> Problem statement:
Please find the line that holds "The Tecumseh Tribune" below and reproduce it, along with every line after it through the end, exactly and without pictures.

(Extracted data entries)
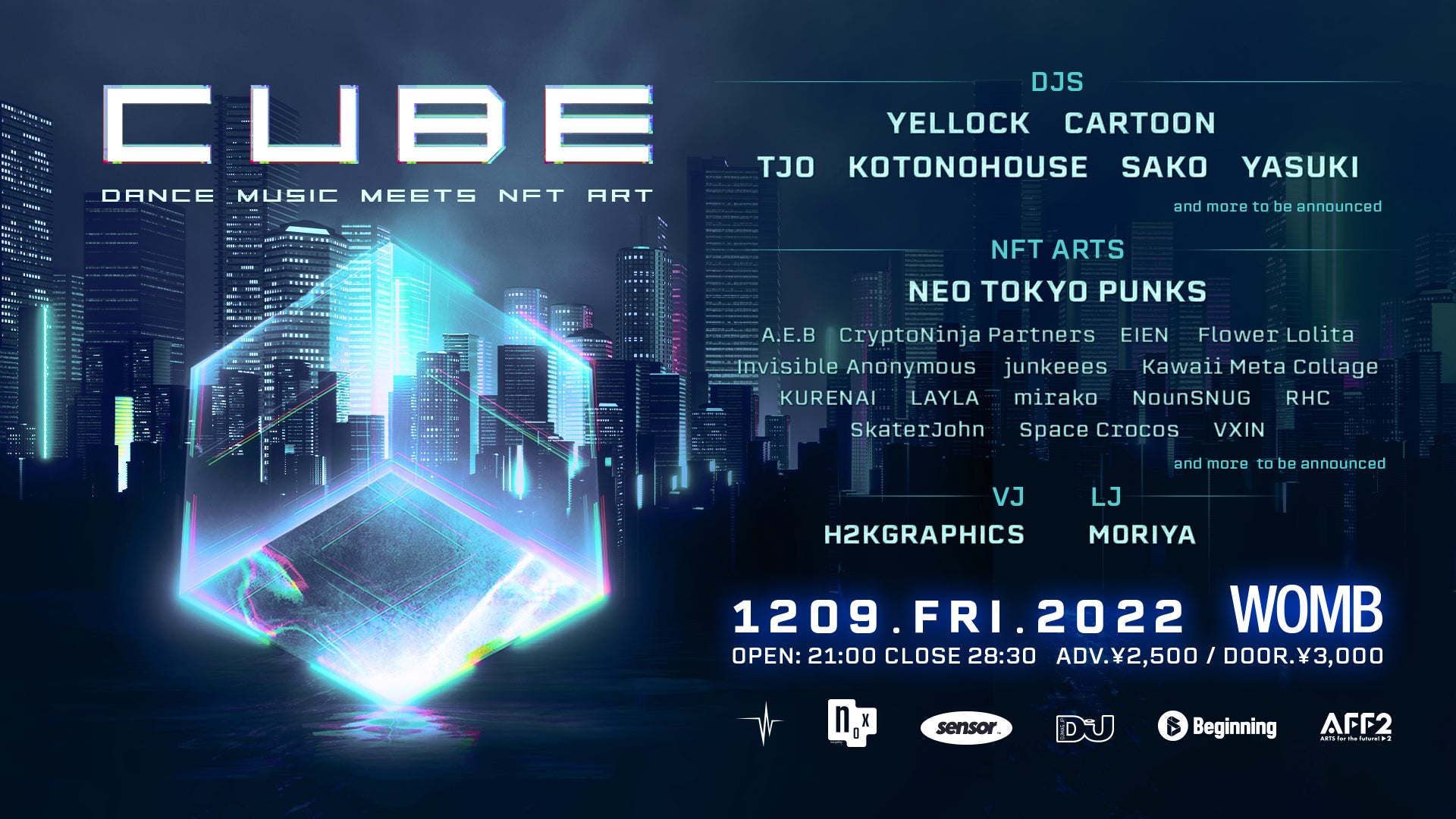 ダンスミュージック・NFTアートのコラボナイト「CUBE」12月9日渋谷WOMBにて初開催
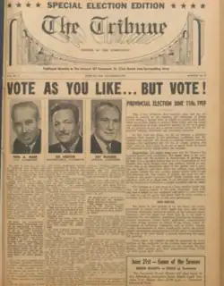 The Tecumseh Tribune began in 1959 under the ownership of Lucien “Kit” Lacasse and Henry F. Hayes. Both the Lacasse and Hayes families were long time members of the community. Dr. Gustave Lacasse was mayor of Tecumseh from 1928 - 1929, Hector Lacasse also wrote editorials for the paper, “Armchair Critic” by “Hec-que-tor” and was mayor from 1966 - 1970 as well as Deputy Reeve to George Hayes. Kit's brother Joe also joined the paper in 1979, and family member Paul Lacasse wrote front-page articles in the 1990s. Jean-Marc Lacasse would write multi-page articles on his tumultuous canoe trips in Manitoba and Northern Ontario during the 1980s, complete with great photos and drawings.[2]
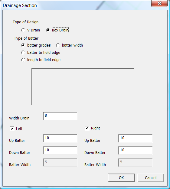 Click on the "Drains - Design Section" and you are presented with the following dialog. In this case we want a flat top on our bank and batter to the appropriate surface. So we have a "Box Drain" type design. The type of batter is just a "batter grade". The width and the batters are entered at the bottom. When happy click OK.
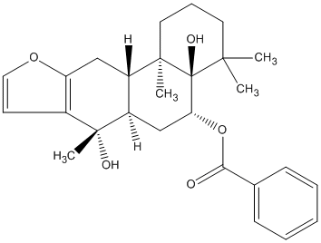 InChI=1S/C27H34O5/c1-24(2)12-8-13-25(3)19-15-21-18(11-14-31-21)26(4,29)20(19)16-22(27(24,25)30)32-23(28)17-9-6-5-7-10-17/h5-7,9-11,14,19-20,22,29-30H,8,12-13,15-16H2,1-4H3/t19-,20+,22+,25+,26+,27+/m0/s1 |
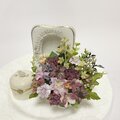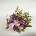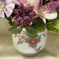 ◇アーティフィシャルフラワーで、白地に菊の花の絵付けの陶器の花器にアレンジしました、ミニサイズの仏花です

> Reply:
 The Tecumseh Tribune began in 1959 under the ownership of Lucien “Kit” Lacasse and Henry F. Hayes. Both the Lacasse and Hayes families were long time members of the community. Dr. Gustave Lacasse was mayor of Tecumseh from 1928 - 1929, Hector Lacasse also wrote editorials for the paper, “Armchair Critic” by “Hec-que-tor” and was mayor from 1966 - 1970 as well as Deputy Reeve to George Hayes. Kit's brother Joe also joined the paper in 1979, and family member Paul Lacasse wrote front-page articles in the 1990s. Jean-Marc Lacasse would write multi-page articles on his tumultuous canoe trips in Manitoba and Northern Ontario during the 1980s, complete with great photos and drawings.[2]
 Click on the "Drains - Design Section" and you are presented with the following dialog. In this case we want a flat top on our bank and batter to the appropriate surface. So we have a "Box Drain" type design. The type of batter is just a "batter grade". The width and the batters are entered at the bottom. When happy click OK.
 InChI=1S/C27H34O5/c1-24(2)12-8-13-25(3)19-15-21-18(11-14-31-21)26(4,29)20(19)16-22(27(24,25)30)32-23(28)17-9-6-5-7-10-17/h5-7,9-11,14,19-20,22,29-30H,8,12-13,15-16H2,1-4H3/t19-,20+,22+,25+,26+,27+/m0/s1 |
 ◇アーティフィシャルフラワーで、白地に菊の花の絵付けの陶器の花器にアレンジしました、ミニサイズの仏花です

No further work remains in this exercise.